===== DATASET EXCERPT =====

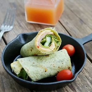 『饼皮,生菜叶,圣女果,鸡胸肉,煎蛋,土豆泥』
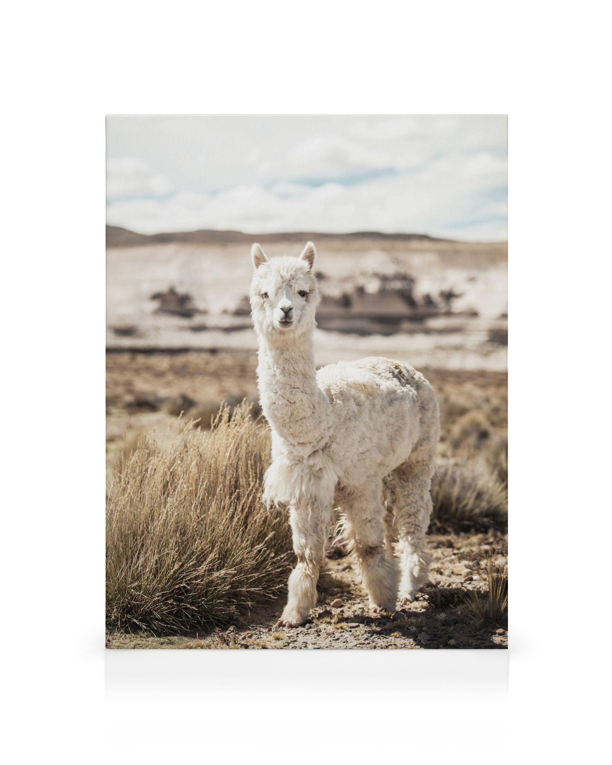 Vanaf € 24,95Mooie fotocanvas van een witte alpaca met pluizige vacht die op een zandpad staat en naar de camera kijkt. Perfecte wanddecoratie voor jouw huis.
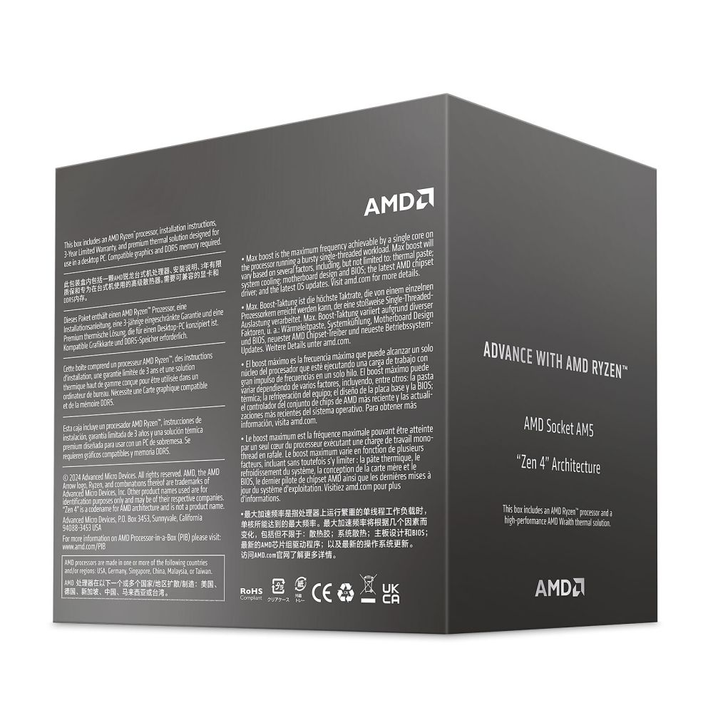 This processor uses the Zen 4 architecture and the Phoenix core. It offers 6 cores and 12 threads for smooth multitasking. Because it supports DDR5 memory, your system stays future-ready. However, it does not include an integrated graphics controller. You will need a dedicated graphics card for video output.

=====

## ASSIGNED TASK
The reply has to reproduce every line above verbatim and contain no pictures.

## EXERCISE SOLUTION
 『饼皮,生菜叶,圣女果,鸡胸肉,煎蛋,土豆泥』
 Vanaf € 24,95Mooie fotocanvas van een witte alpaca met pluizige vacht die op een zandpad staat en naar de camera kijkt. Perfecte wanddecoratie voor jouw huis.
 This processor uses the Zen 4 architecture and the Phoenix core. It offers 6 cores and 12 threads for smooth multitasking. Because it supports DDR5 memory, your system stays future-ready. However, it does not include an integrated graphics controller. You will need a dedicated graphics card for video output.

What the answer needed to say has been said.